Mis mejillas ardían, mi corazón latía con fuerza. Poco a poco, fui recuperando la compostura tras el beso del conde. Por suerte, entrar en cuerpos ajenos solía producir los mismos síntomas que tenía en ese momento, de lo contrario, habría sido aún más incómodo. El gran espejo frente a mí, casi idéntico al del conde, comenzó a brillar lentamente.
En su reflejo aparecían el conde y su prometida, la mujer en la que yo había estado momentos atrás.

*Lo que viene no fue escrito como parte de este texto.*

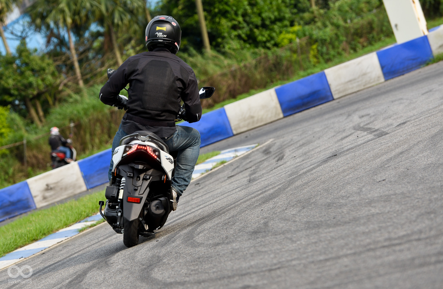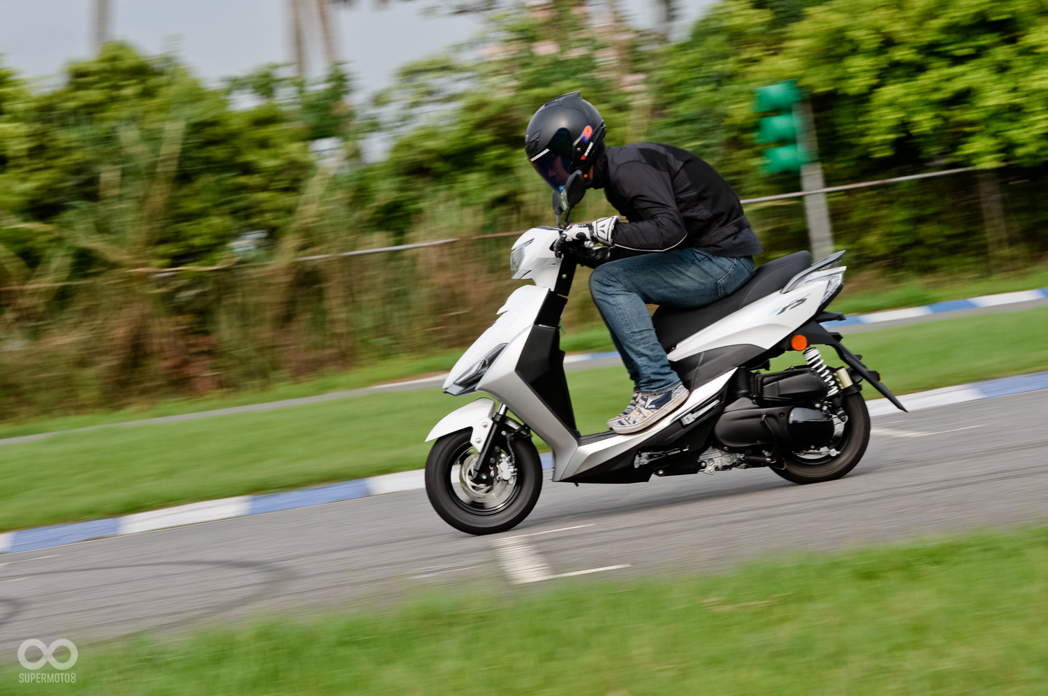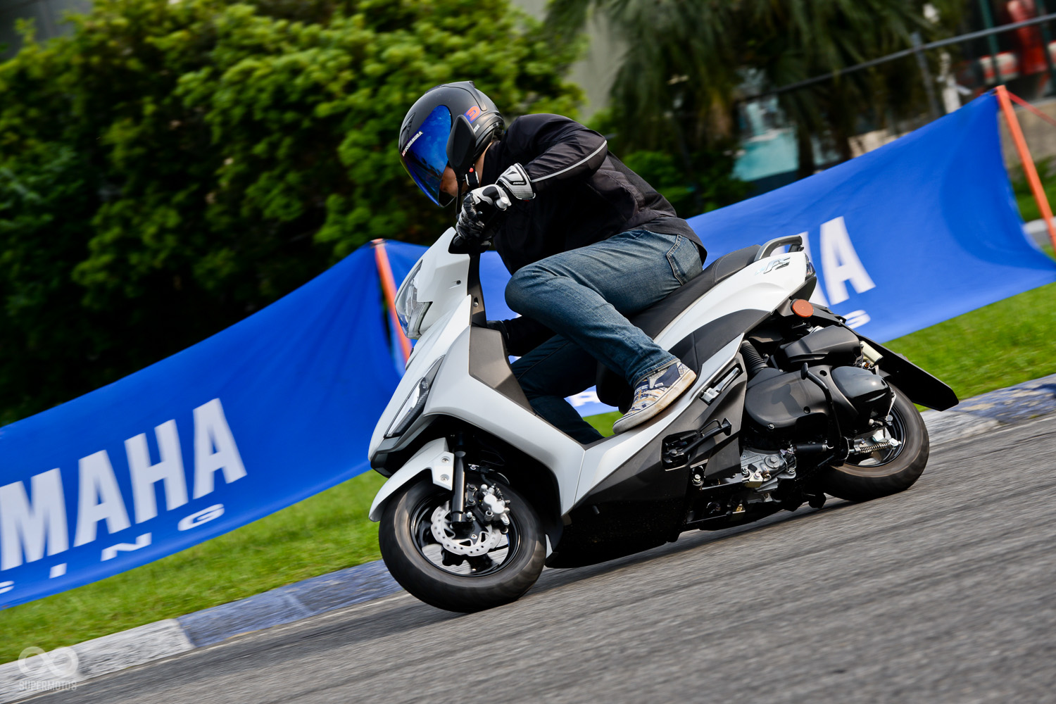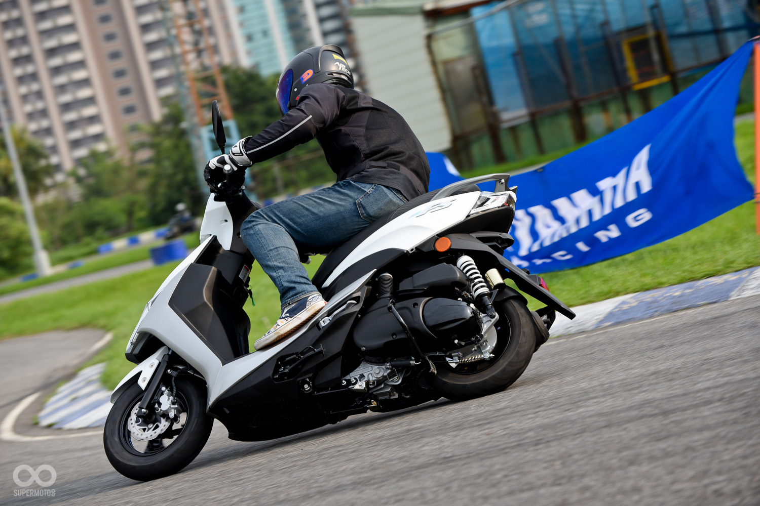 輕量化車身與較短的軸距確實為JOG FS帶來實質的效果,不論在牽車、進出賽道的小彎角,都可感受到此車輕盈與短軸距帶來的暢快感,相信這對於首次購車的年輕族群來說,會大大降低騎乘帶來的壓力。

Lilia, ese era su nombre, miraba a Román con ojos desconcertados. Él la soltó de su abrazo, y su rostro volvió a su habitual expresión de indiferencia.
— Perdóneme, mi amor, me sentí un poco mareada, — dijo ella con voz temblorosa. Como muchas otras que había conocido, creía haber visto todo y pensaba que sus acciones eran completamente suyas.
— Tengo los ojos azules, — comentó tímidamente Lilia.
— ¡ME DELATÉ! — mi pensamiento escapó en voz alta, haciendo que mi supervisor se tensara.
— ¿Qué pasó? ¿Cómo que te delataste? ¿Otra vez? — Tolik, mi supervisor, casi se agarró la cabeza. A medio camino, sus manos quedaron suspendidas en el aire, pero finalmente logró controlarse. — ¿Qué ocurrió? — preguntó ya con su tono más serio y profesional.
— Yo tengo los ojos verdes, pero Lilia tiene los ojos azules. Creo que él se dio cuenta, — dije casi al borde de las lágrimas.
El espejo volvió a iluminarse, mostrando de nuevo la escena.
— ¡Por favor, no soy digno de usted, nuestra preciosa dama de ojos azules! — exclamó Román con frialdad.
— ¿Qué significa eso? ¿Qué está tratando de decirme? Yo lo amo, lo sabe... — Lilia respondió con una voz apagada y desconcertada.
Román Sirio se acercó lentamente a ella.
— ¿Ya has tenido otros hombres, verdad? — pasó sus dedos por sus labios con suavidad. — El primer beso siempre se siente diferente.
La voz aterciopelada del conde se deslizó como un eco en mi mente.
Me sonrojé aún más. Sentí que el corazón estaba a punto de salirse del pecho. Me aferré a los reposabrazos e intenté regular mi respiración.
— ¿Primer beso? — Lilia repitió con asombro.
El espejo se apagó por completo. Ya no pude mantener la imagen.
— ¿Primer beso? — mi tutor captó la idea al instante.
Cuando logré calmarme un poco, tuve que contarle a Tolik lo sucedido.
— ¡Dioses, tu primer beso! ¡Qué pureza! ¿Y a tus dieciocho años? — murmuró Tolik más para sí mismo que para mí. Cuando algo lo saca de quicio, siempre empieza a hablarme de usted.